→ EXERCISE INSTRUCTIONS: Take the lines below from the one with "一是強(qiáng)化媒體的" through the one with "Plus tard j'ai" and print only them, exactly. Don't print the pictures.

→ ENTRIES SUPPLIED:
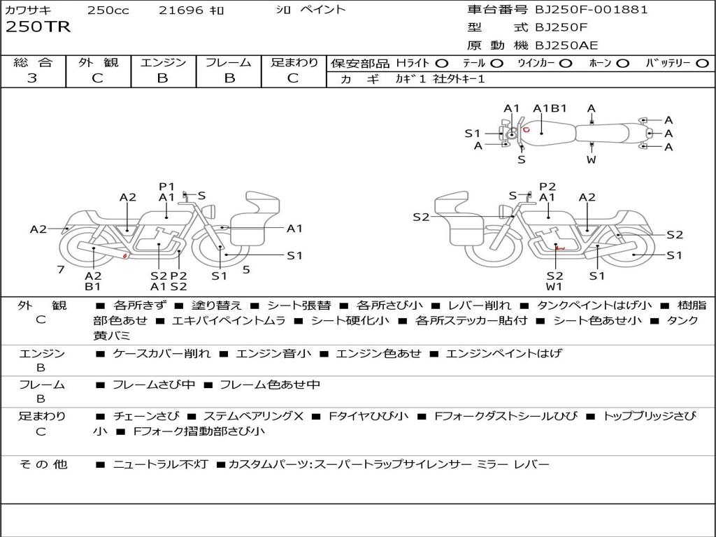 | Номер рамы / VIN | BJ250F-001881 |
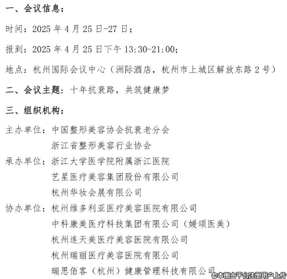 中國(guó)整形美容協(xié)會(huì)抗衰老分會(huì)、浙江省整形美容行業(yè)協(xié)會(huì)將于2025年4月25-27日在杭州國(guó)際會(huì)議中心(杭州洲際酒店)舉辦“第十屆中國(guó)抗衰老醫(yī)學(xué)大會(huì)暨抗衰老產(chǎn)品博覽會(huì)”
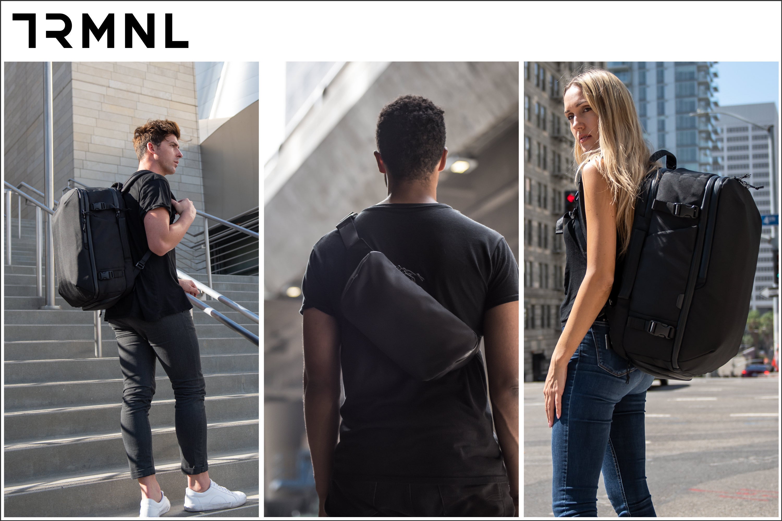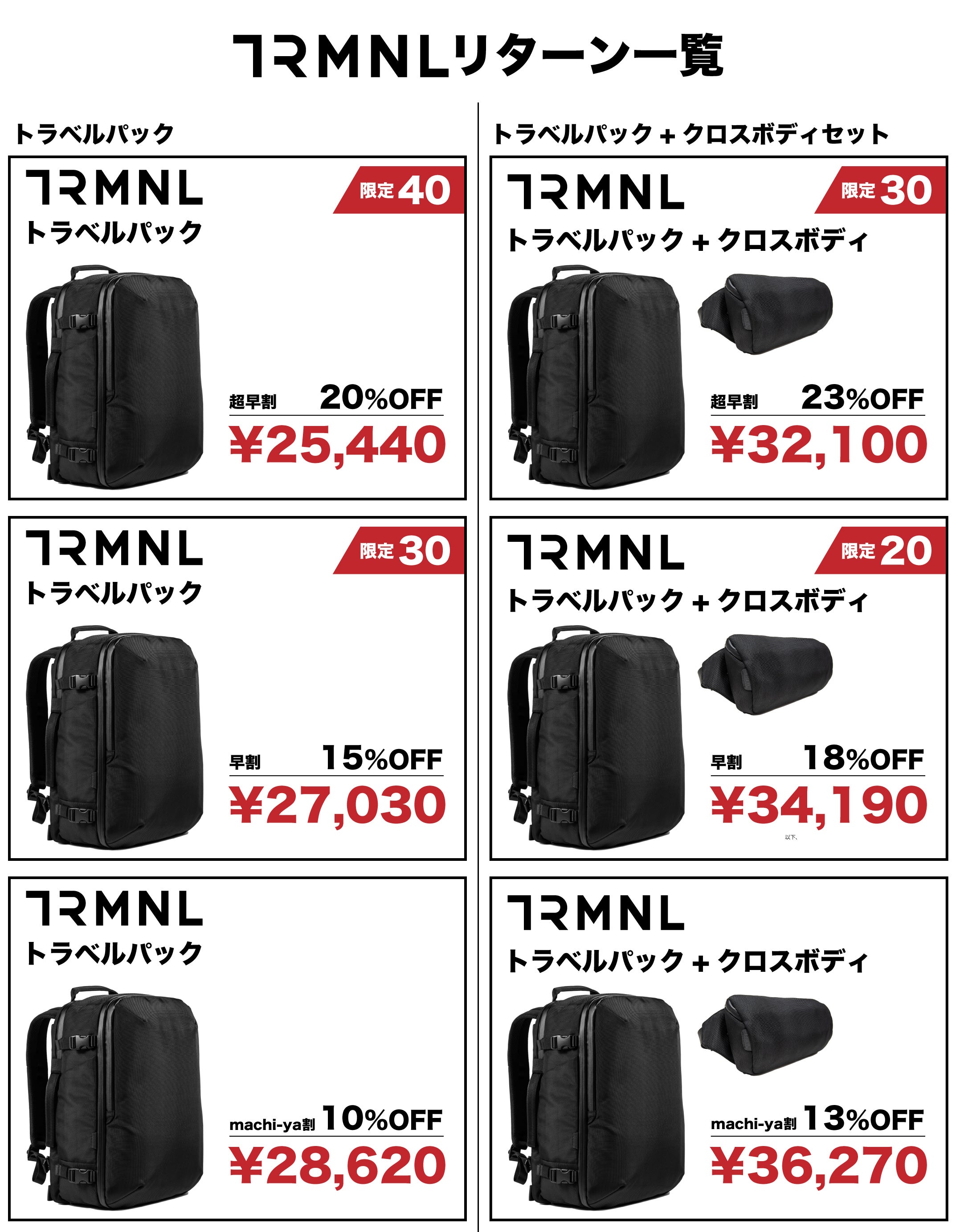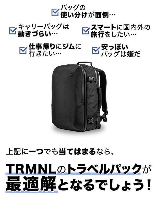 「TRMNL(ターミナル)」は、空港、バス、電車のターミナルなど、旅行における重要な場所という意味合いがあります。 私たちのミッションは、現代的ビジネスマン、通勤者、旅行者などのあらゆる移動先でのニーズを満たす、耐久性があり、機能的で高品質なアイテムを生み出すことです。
--
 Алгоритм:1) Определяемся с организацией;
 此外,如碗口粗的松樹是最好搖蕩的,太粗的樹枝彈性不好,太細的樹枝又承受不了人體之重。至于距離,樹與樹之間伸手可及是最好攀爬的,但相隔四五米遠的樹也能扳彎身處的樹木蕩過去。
--
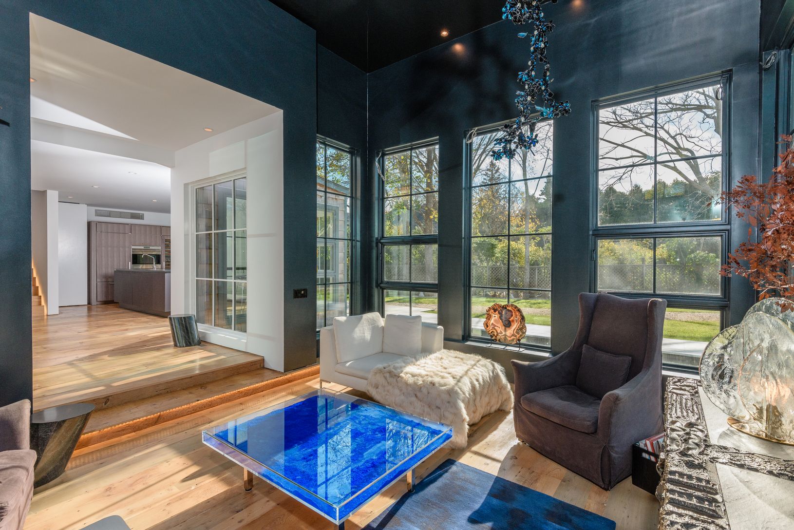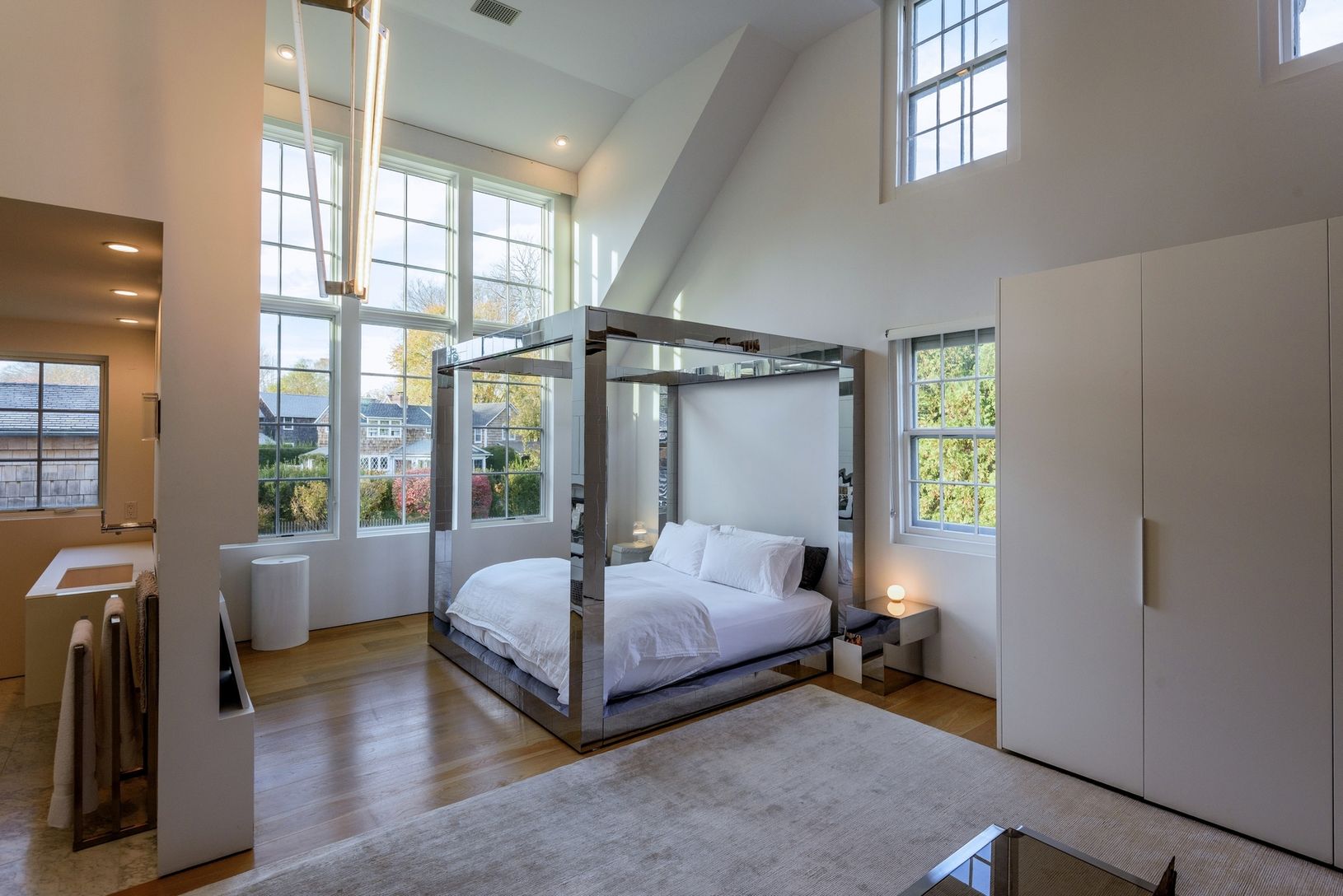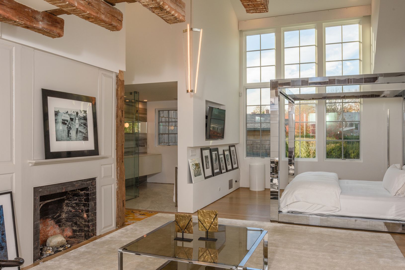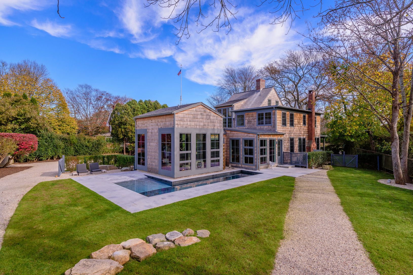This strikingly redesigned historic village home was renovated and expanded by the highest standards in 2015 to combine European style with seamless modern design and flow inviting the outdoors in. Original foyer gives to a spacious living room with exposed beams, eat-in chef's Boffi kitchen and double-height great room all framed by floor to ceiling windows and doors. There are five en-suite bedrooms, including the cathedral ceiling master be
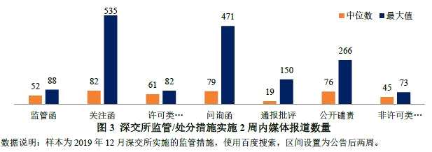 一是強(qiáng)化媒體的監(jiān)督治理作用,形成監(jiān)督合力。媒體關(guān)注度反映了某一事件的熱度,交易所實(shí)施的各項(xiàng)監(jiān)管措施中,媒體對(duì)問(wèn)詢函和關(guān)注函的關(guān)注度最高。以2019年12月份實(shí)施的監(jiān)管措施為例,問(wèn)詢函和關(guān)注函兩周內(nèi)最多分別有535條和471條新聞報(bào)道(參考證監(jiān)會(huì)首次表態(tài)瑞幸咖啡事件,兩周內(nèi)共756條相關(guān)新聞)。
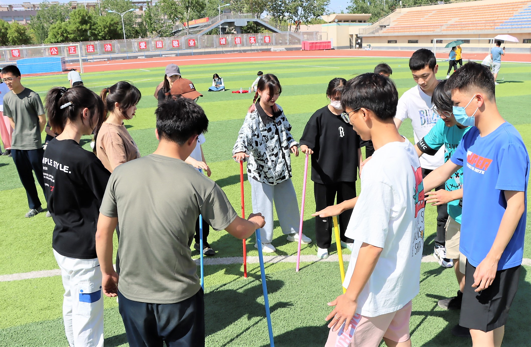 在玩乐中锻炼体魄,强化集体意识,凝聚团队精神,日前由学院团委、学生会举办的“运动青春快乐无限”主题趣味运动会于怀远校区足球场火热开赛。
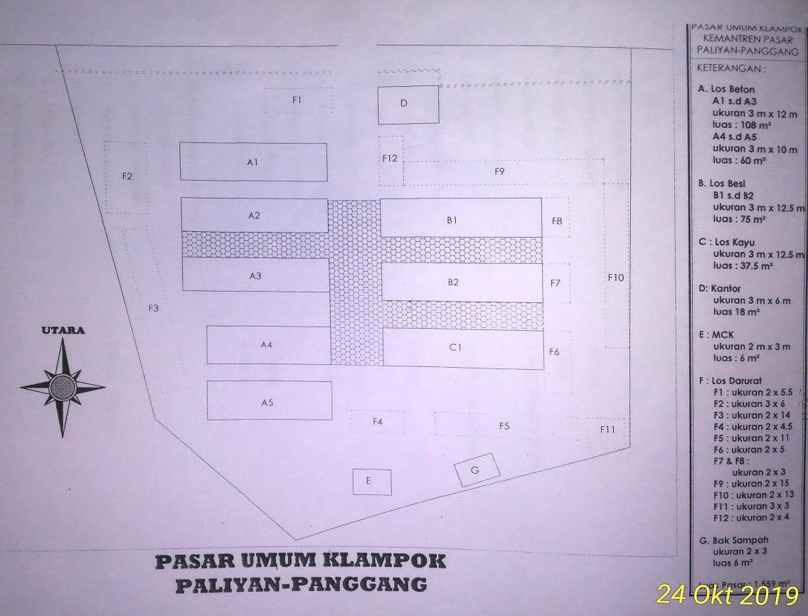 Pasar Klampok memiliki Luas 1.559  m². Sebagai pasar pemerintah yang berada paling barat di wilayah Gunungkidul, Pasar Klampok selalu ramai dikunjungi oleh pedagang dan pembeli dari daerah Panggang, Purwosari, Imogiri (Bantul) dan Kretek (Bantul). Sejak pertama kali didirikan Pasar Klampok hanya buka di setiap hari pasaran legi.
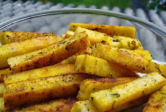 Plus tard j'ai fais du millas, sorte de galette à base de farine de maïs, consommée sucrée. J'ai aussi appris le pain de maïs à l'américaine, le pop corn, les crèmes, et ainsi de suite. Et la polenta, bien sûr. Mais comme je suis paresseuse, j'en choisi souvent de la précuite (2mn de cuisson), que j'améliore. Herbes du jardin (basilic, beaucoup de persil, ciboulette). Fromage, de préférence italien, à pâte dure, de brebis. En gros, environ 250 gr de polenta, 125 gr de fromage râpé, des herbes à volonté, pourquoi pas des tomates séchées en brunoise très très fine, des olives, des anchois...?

→ ANSWER SECTION:
 一是強(qiáng)化媒體的監(jiān)督治理作用,形成監(jiān)督合力。媒體關(guān)注度反映了某一事件的熱度,交易所實(shí)施的各項(xiàng)監(jiān)管措施中,媒體對(duì)問(wèn)詢函和關(guān)注函的關(guān)注度最高。以2019年12月份實(shí)施的監(jiān)管措施為例,問(wèn)詢函和關(guān)注函兩周內(nèi)最多分別有535條和471條新聞報(bào)道(參考證監(jiān)會(huì)首次表態(tài)瑞幸咖啡事件,兩周內(nèi)共756條相關(guān)新聞)。
 在玩乐中锻炼体魄,强化集体意识,凝聚团队精神,日前由学院团委、学生会举办的“运动青春快乐无限”主题趣味运动会于怀远校区足球场火热开赛。
 Pasar Klampok memiliki Luas 1.559  m². Sebagai pasar pemerintah yang berada paling barat di wilayah Gunungkidul, Pasar Klampok selalu ramai dikunjungi oleh pedagang dan pembeli dari daerah Panggang, Purwosari, Imogiri (Bantul) dan Kretek (Bantul). Sejak pertama kali didirikan Pasar Klampok hanya buka di setiap hari pasaran legi.
 Plus tard j'ai fais du millas, sorte de galette à base de farine de maïs, consommée sucrée. J'ai aussi appris le pain de maïs à l'américaine, le pop corn, les crèmes, et ainsi de suite. Et la polenta, bien sûr. Mais comme je suis paresseuse, j'en choisi souvent de la précuite (2mn de cuisson), que j'améliore. Herbes du jardin (basilic, beaucoup de persil, ciboulette). Fromage, de préférence italien, à pâte dure, de brebis. En gros, environ 250 gr de polenta, 125 gr de fromage râpé, des herbes à volonté, pourquoi pas des tomates séchées en brunoise très très fine, des olives, des anchois...?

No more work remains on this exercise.